Task instructions: Any pictures in the records below must be left out when you repeat the lines from the line containing "İdari ve Mali" through the line containing "Using Visual Studio" exactly.

Given entries: Begin

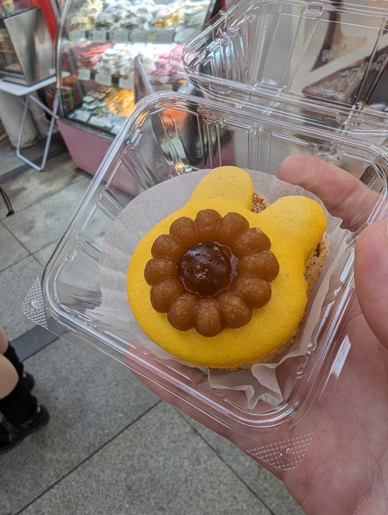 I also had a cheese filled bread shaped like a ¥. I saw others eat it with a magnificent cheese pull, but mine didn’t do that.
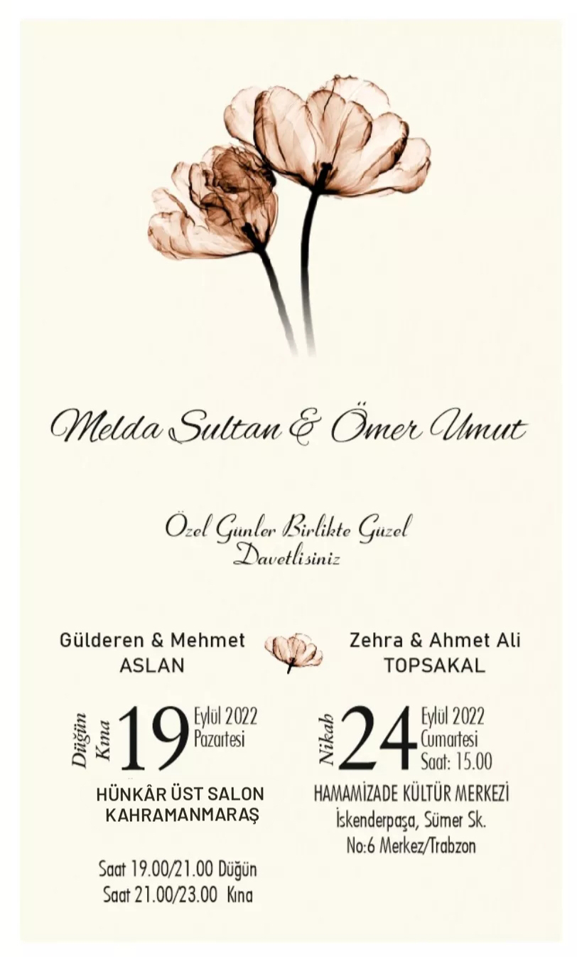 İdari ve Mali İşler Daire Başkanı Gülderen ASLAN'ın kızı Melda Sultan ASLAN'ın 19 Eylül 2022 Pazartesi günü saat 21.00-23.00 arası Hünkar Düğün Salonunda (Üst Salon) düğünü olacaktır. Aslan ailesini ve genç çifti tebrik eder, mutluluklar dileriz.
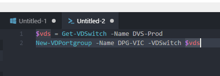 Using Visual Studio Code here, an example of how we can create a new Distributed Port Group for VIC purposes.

Given entries: End
Given entries: Begin

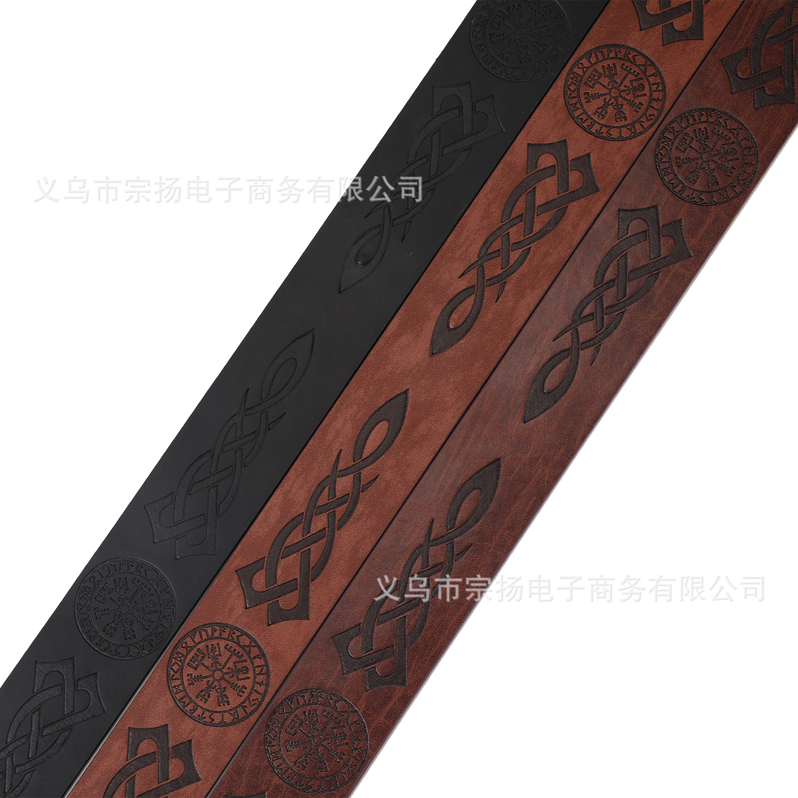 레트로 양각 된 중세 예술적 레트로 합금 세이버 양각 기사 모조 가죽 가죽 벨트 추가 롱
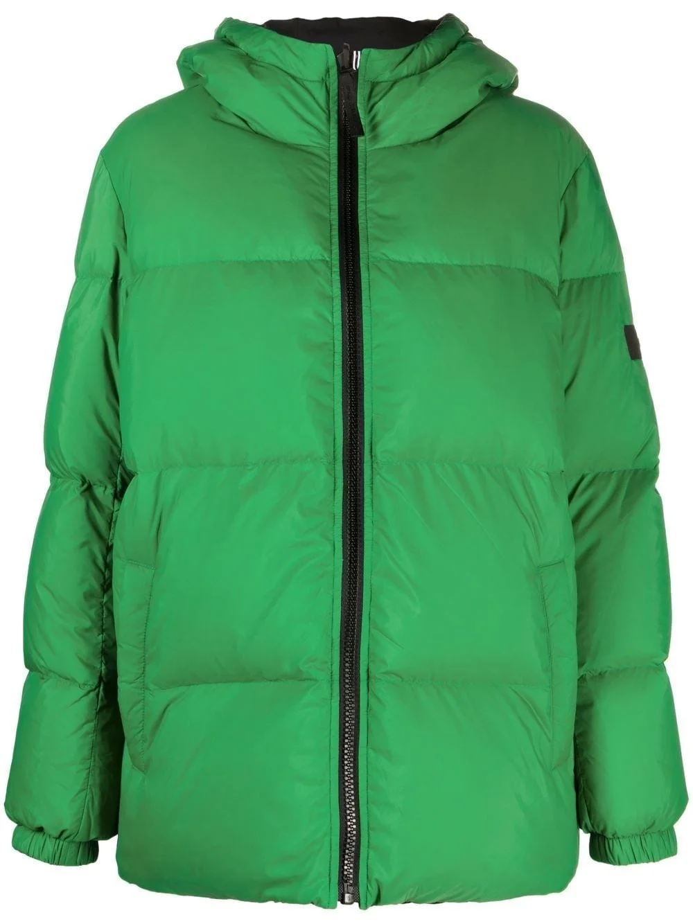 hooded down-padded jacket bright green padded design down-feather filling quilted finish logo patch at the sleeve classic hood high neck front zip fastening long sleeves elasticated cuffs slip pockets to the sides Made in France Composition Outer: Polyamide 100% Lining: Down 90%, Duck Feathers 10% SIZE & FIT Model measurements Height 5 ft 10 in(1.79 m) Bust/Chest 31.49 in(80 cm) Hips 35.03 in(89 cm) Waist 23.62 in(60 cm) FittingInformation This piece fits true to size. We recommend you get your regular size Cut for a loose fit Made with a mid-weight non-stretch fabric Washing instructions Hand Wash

Given entries: End

Result of this exercise:
 İdari ve Mali İşler Daire Başkanı Gülderen ASLAN'ın kızı Melda Sultan ASLAN'ın 19 Eylül 2022 Pazartesi günü saat 21.00-23.00 arası Hünkar Düğün Salonunda (Üst Salon) düğünü olacaktır. Aslan ailesini ve genç çifti tebrik eder, mutluluklar dileriz.
 Using Visual Studio Code here, an example of how we can create a new Distributed Port Group for VIC purposes.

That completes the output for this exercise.